Когда моя мама описала его, я представила себе рыжевато-коричневый мех, блестящий на солнце и трепещущий на соленом ветру, когда он резвится на пляже. Я решила выйти из своей квартиры, и добраться до моря.

К лету Макс и я работали как единое целое. Мы целыми днями ели спелые ягоды (я) и грызли кости (он) в тени эвкалиптов. Когда солнце садилось, а воздух остывал, мы направлялись к пляжу и проходили несколько миль вдоль пляжа, погружая пальцы ног и лапы в плещущуюся воду.
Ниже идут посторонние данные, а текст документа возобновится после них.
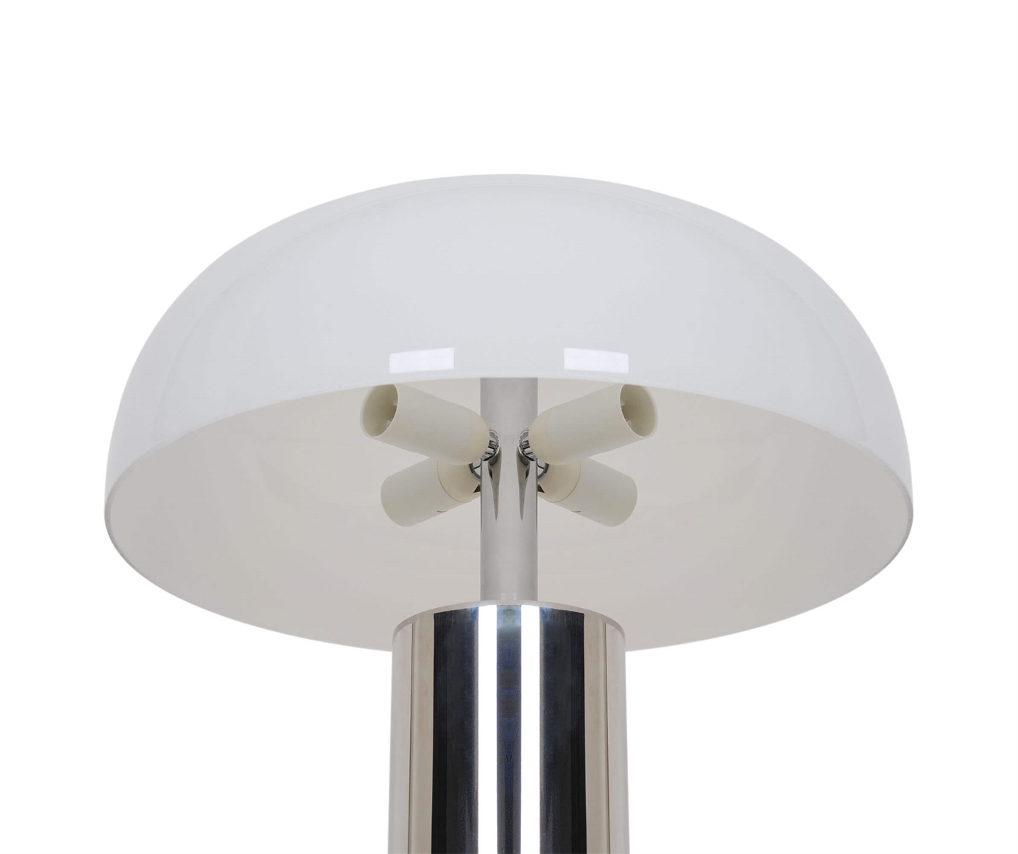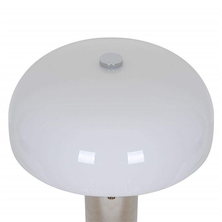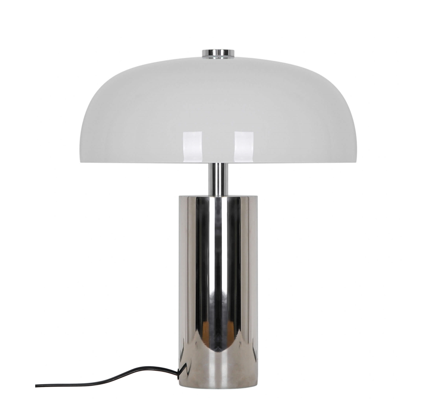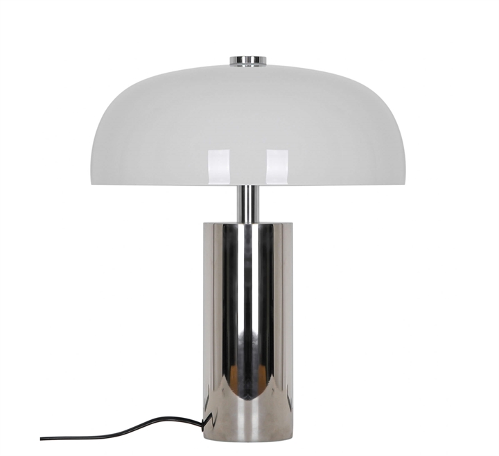 Bordlampen Gabrielle er en dekorativ og stilfuld lampe, der kombinerer klassiske materialer med moderne design. Med sin blanke skærm i hvidt opalglas og base med kromfinish er den et elegant blikfang i rummet, hvor den samtidig spreder et blødt og behageligt lys.

Несмотря на мой прогресс, я все еще была воплощением неуклюжести. Однажды ночью на пляже мне показалось, что он абсолютно пуст. Мое сердце скучало по тем дням, когда я могла прыгать, кувыркаться и делать другие гимнастические трюки. Я попыталась разбежаться и сделать прыжок в шпагат, но больно приземлилась на кусок стекла и упала на мокрый песок. Макс подбежал ко мне и уткнулся носом в мою ногу.

– Эй, ты в порядке?

Голос был мужским, громким и с нотками беспокойства. Это испугало меня. Я не слышала ни шагов, ни признаков чьего-либо присутствия на пляже.

– Эм, да, я в порядке. Хотя мне не помешала бы помощь. Можешь взглянуть на мою ногу и увидеть, есть ли в ней стекло? Я слепая.

Я ожидала удивления и того тона жалости, который всегда присутствовал в интонациях людей, когда я сообщала о своем недуге. Но он ничего не сказал. Вместо этого я почувствовала, как сильные мозолистые пальцы исследуют мою ногу. От него пахло смесью мускусного одеколона, опилок и пота тяжелого труда.

– В порезе нет стекла, но он довольно глубокий. Ты истекаешь кровью.

Вдруг он поднял меня за подмышки так легко, словно я была куклой, и обнял за плечи. Я поковыляла вперед, упираясь правой ногой, стараясь не обращать внимания на напряженные мышцы его руки, пульсирующие под моей.

– Спасибо, – почти шепотом сказала я, но мой язык споткнулся сам о себя. Он так хорошо пах.

– Пожалуйста, – ответил мой спаситель, и я снова почувствовала улыбку, – Между прочим, я Тайлер.

– Я Наоко. Все еще косноязычна.

– А кто твоя тень? – сначала я не поняла вопроса. Может, он сумасшедший. Но быстро догадалась, кого он имел в виду.

– Это Макс.

Прошло мгновение молчания, мое внимание было поглощено его мужественностью. Наконец ко мне вернулось осознание.

– Куда мы идем? – спросила я.

– У меня есть дом примерно в миле отсюда. Я хочу промыть твой порез, иначе может случиться заражение.

– Ты живешь на берегу? – спросила я, завидуя.

– Это довольно удивительно, – сказал он, смеясь, – Но мне нравиться жить здесь. Особенно по вечерам, сидеть на пляже в одиночестве и наблюдать за волнами.

– Извини, что я нарушила твои планы, – сказала я.